それこそ究極のコンセプトアルバムだった『Japonism』とは対照的に、この『Are You Happy?』にはサウンド面・歌詞面ではっきりコンセプトと言い切れるものは存在しない。その代わり、1曲1曲のクオリティをとことん上げていくという個別の作業に集中してこだわりまくった結果として、粒ぞろいの曲が詰まったポップアルバムが誕生してしまったのだろう。

本作ではコンセプトがないことが即ち自由に繋がっている。冒頭から最後まで様々なタイプ、ジャンルのサウンドが入れ替わり立ち替わり現れ、ファンクかと思えばエレクトロ、エレクトロから歌謡曲へ、歌謡曲からギターポップ、からのヒップホップ、そしてR&Bへと、ばらばらだったはずの各曲の方向性が気づいた頃にはぎゅっと濃縮還元された「楽しさ」に集約されていく感覚がまさにポップ!

そしてその賑やかでカラフルな本作の楽しさを要所要所で引き締めていく役割を担っているのが、アルバムに先がけてリリースされたシングルナンバーの数々だ。

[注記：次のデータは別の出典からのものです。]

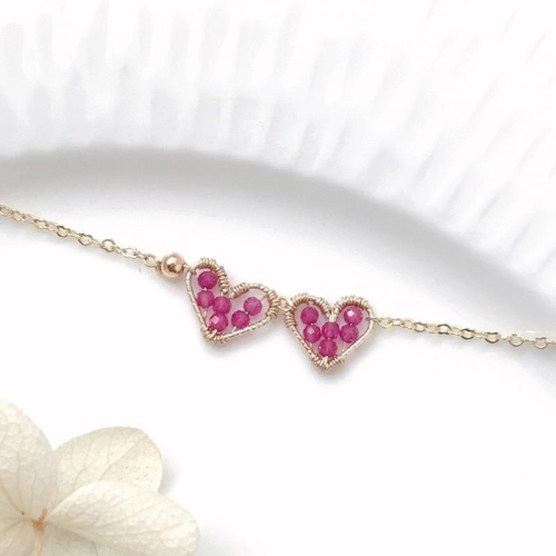#原創設計 #手作飾品 #14k銅鍍金項鍊 #桃紅尖晶石 #心心相印 #心型項鍊 #愛心 #鍍金項鍊 #手工製作
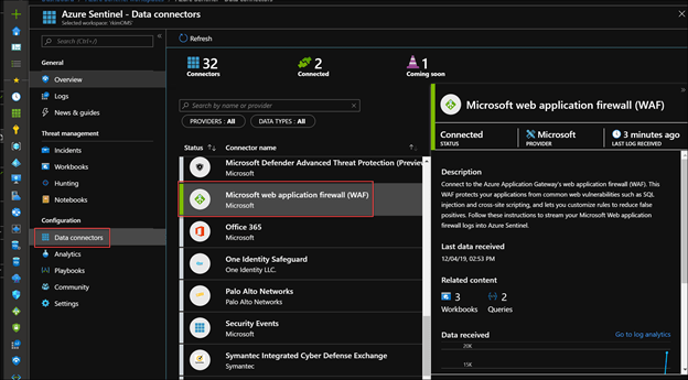Now Azure Sentinel is setup to work with the Azure Application Gateway Web Application Firewall.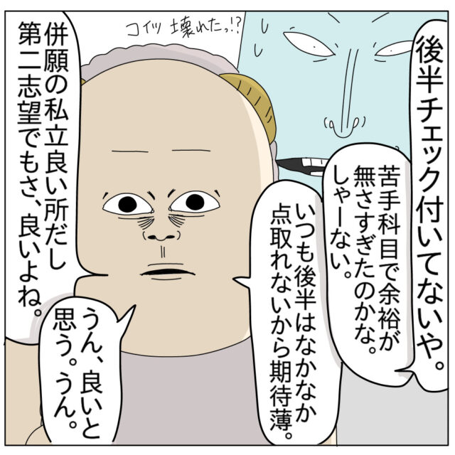 リコちゃん、苦手な理科を頑張りましたね!数学は全部の自己採点ができませんでしたが・・やはり望みは薄いのでしょうか。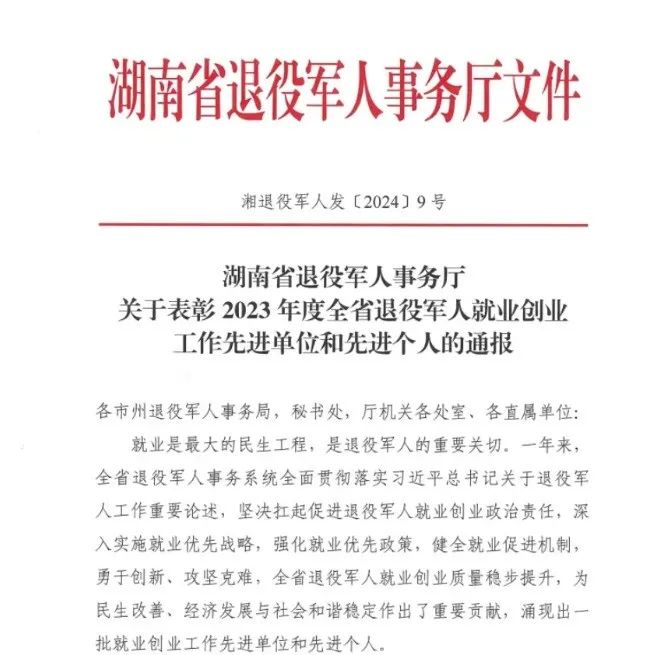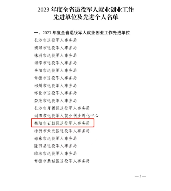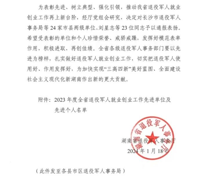 同时,注重抓典型树榜样,激励退役军人敢为人先的创业精神。着力挖掘退役军人曹刚修、邹肇睿等创业成功典范,凝聚正能量。曹刚修作为衡阳市万居国际家具广场的掌门人,发挥自身优势,常年致力于帮助退役军人就业创业,2017年被评为衡阳市"双带双促"先进典型,2019年荣获"全国模范退役军人"称号。邹肇睿创办军创企业“衡阳净界古坊研酒院”并担任董事长,创办“一对一助学网”常年坚持慈善公益助学,荣获2023年衡阳市“最美退役军人”称号。两人先进事迹被收录进省厅退役军人“每日一星”专栏。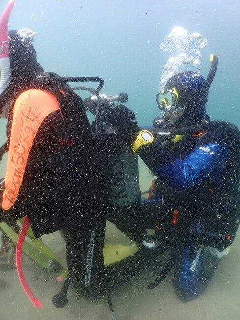 すぐに2人とも前回上手くできなかったシリンダーが外れた時の対処をあげたので、陸上で再度練習して水中で実践。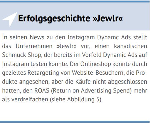 erfolgMit dem neuen Anzeigenformat lassen sich zukünftig auch bei Instagram gezielt interessante Produkte noch einmal genau den interessierten Nutzern zu einem definierten Zeitpunkt anzeigen. Ganz praktisch bedeutet dies, dass ein Website-Besucher, der die Shop-Seite oder die App besucht hat, später mit einer (oder mehreren) passenden Produktanzeige(n) noch einmal auf Instagram angesprochen werden kann. Wie viele schon aus dem Facebook Newsfeed kennen, ist die Werbung dabei passgenau. Man besucht einen Shop, schaut sich bestimmte Produkte wie zum Beispiel einen Pullover an und bekommt diesen dann wenig später noch einmal – vielleicht sogar mit einer passenden Hose, einem Accessoire oder in einer Farbauswahl – angezeigt. Genauso gezielt können nun auch die Instagram Dynamic Ads ausgespielt und dem Nutzer nur die relevanten Produkte vorgestellt werden.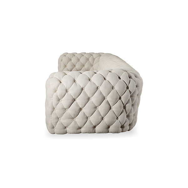 A reproduction of European design origin, Cumulus becomes the centerpiece of any space it occupies. The bold modern low profile shape exists in complete juxtaposition to the extensive opulent full body button-tufting design. Through the combination of both traits rises Cumulus, one of the most stunning modern classic sofa designs to date. Cumulus is nothing short of a work of art featuring mono-height back and arms and streamlined lineal low to the ground profile.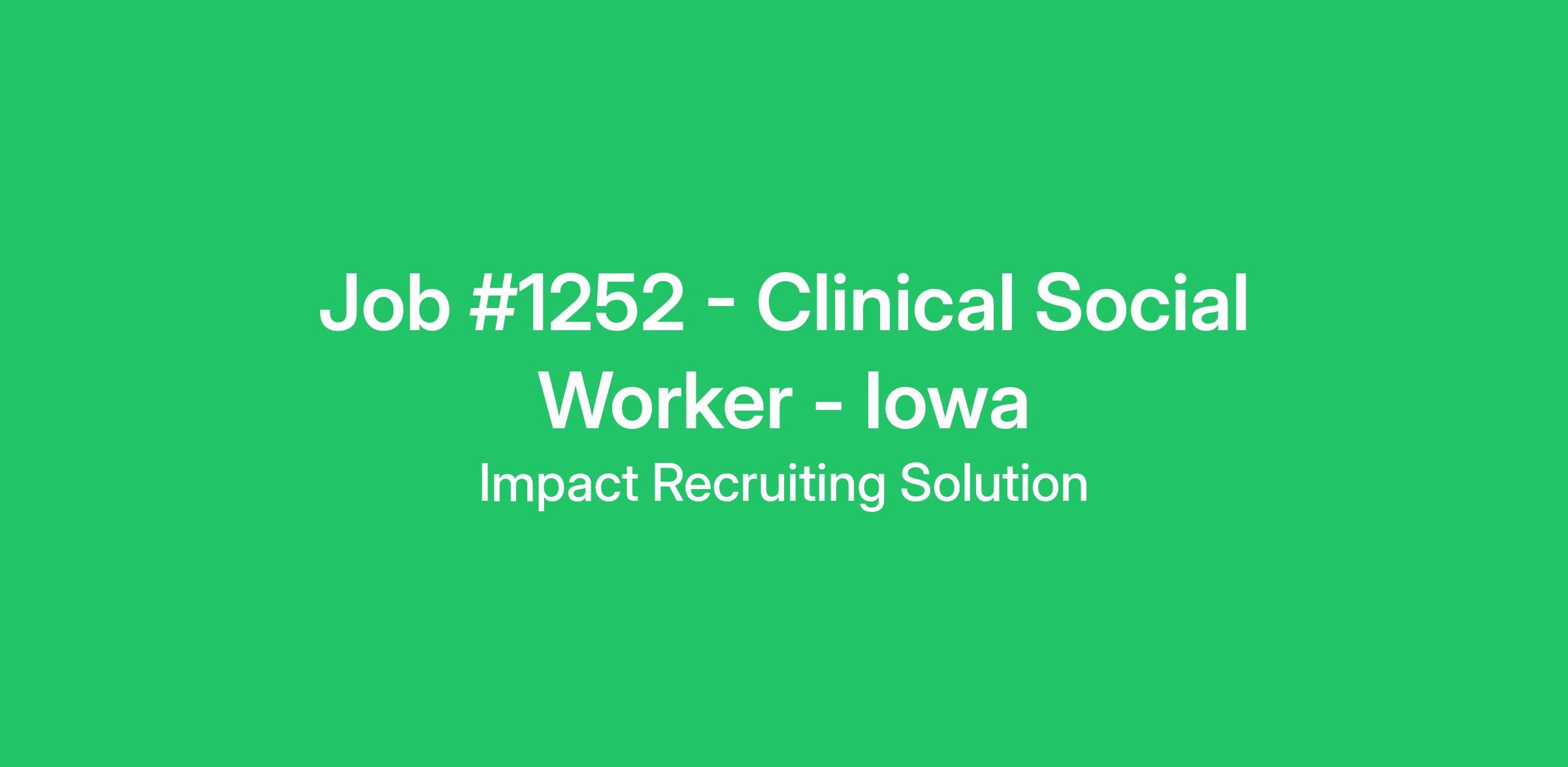 JOB TITLE (#1252): Clinical Social Worker Health Care Facility Surveyor - Iowa

山下達郎の“復活LOVE”はまさにトップオブザポップたる風格で、ダイアモンドみたいなゴージャスな輝きを放っているし、某結婚情報誌のCMソングだった“愛を叫べ”は、そのシンプルなメロディラインの一方でバックトラックとコーラス処理が滅茶苦茶凝っていたことに改めて気づかされたりする。

そう、この『Are You Happy?』は究極のポップアルバムであると同時に、これまでの嵐のディスコグラフィーの中でも一、二を争うディープな音楽的先鋭が試されているアルバムでもあるのも凄いのだ。 “Ups and Downs”のリズムとホーンセクションは「え、そっち行くの?」と驚くほどマニアックな足取りで大胆に転調していくし、5人のフレンドリーな歌声が乗ることで一気にお茶の間化していくものの、“WONDER-LOVE”はクラブでかかっていても遜色ない最新エレクトロチューンだったりもする。

本作にはおなじみのコラボレーターから海外勢、そして意外な顔ぶれまで多くのアーティストが参加し、楽曲を提供しているが、彼らの仕事にはアイドルソングゆえの制約よりも、スーパーアイドル嵐によって広げられたポップの可能性を信じ、使いきる楽しさをより強く感じさせるものだ。彼らのソングライティングやアレンジには、日本一のアイドルである嵐に対する遠慮や萎縮がまったくない。優れたポップソングとは、誰にでも分かるように中庸を探っても作ることはできない。アーティストの創造性を120%絞り出した上で、それを平易に聴かせ、届ける説得力をもってして初めて生まれるものだ。嵐からジャスティン・ビーバーまで、トップアイドルの最新音源を聴いているとつくづくそう思う。

ちなみに松本潤のソロナンバー“Baby blue”の 90年代の渋谷系前後のムードを彷彿させるレアグルーヴ、フレンチポップ感が面白いなと思ってクレジットをチェックしたら、ギターを弾いているのが高野寛で思わず「納得……!」となってしまった。そんな“Baby blue”をはじめ、5人のソロ曲も今回はバラエティかつ意外性が随所に散りばめられたものになっている。

嵐きっての美声の持ち主である大野智のソロ曲“Bad boy”が、オートチューン全開でボーカルにエフェクトかかりまくりの4つ打ちのEDMナンバーだったのには驚いたが、むしろこれはコンサートでの大野のダンスに嫌でも期待が高まるという嬉しい意外性だろう。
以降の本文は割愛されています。